BERZON, Circuit Judge,
concurring:
I concur in the opinion’s analysis of our prior decision in Contreras-Aragon v. INS, 852 F.2d 1088 (9th Cir.1988) (en banc). Our holding in the present case is based on extensive changes to the Immigration and Nationality Act (“INA”) brought about by the Illegal Immigration Reform and Immigrant Responsibility Act (“IIRIRA”), Pub.L. No. 104-208, 110 Stat. 3009 (Sept. 30, 1996). Of particular pertinence are the current absence of an automatic stay of removal in response to an alien’s petition for judicial review and the critical consideration that leaving the country no longer voids an alien’s petition.
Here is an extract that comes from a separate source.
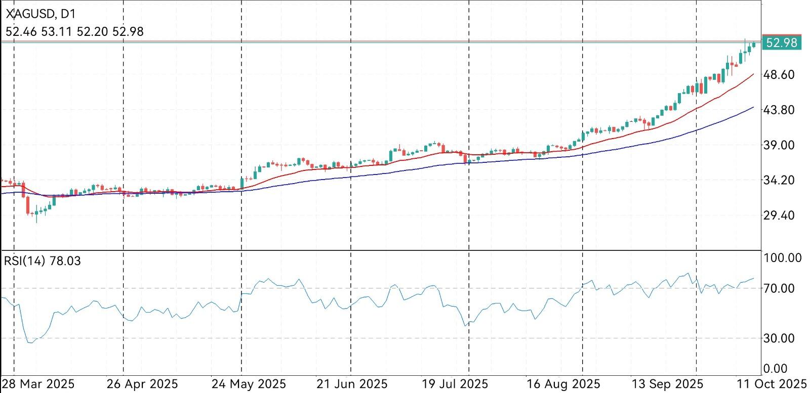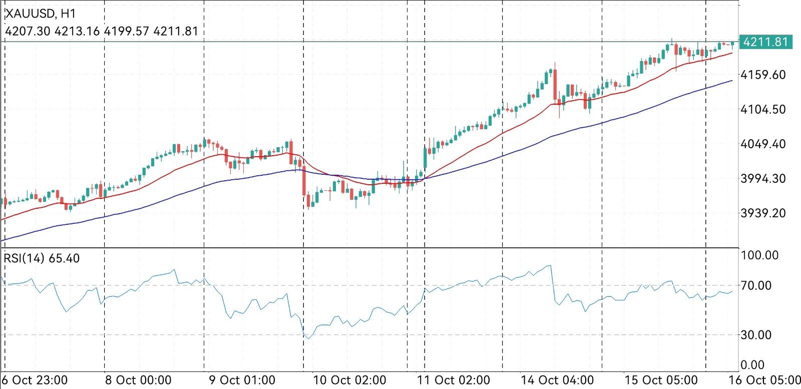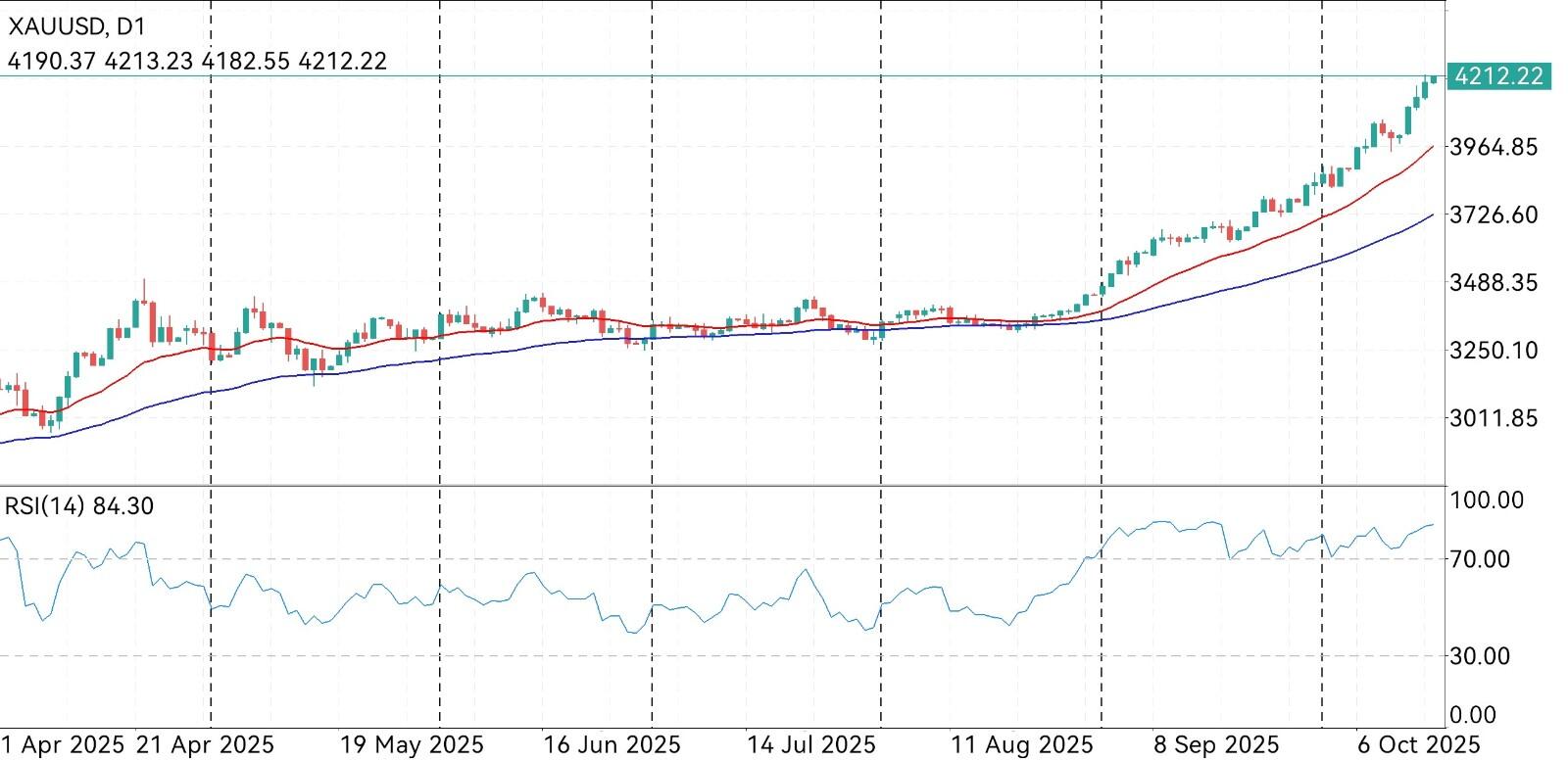 昨日,中美贸易担忧和美国政府持续关门,继续推动金价持续上行,黄金日线收带上影的阳线,突破4200美元,继续刷新历史新高。整体形态上看,黄金本周走出三连阳形态连续刷新历史新高,说明多头非常强劲,而且目前暂时仍未出现明显滞涨信号,因此仍建议继续跟随黄金多头趋势,继续逢低做多。

I write separately, however, to emphasize my conviction that this court retains equitable jurisdiction to stay the availability of a voluntary departure period if the merits of an alien’s underlying case justify a stay of his or her removal order. It is critical to the result in this case that the petitioner applied for and was denied a stay of removal. This court has thus determined that petitioner’s merits petition was not strong enough to support a stay of removal. The only question presented, therefore, is whether petitioner’s voluntary departure grant was automatically tolled, as it had been under Contreras-Aragon, simply because there was a petition for review pending in this court. I agree with the opinion’s conclusion that automatic tolling no longer applies, at least absent an administrative decision otherwise.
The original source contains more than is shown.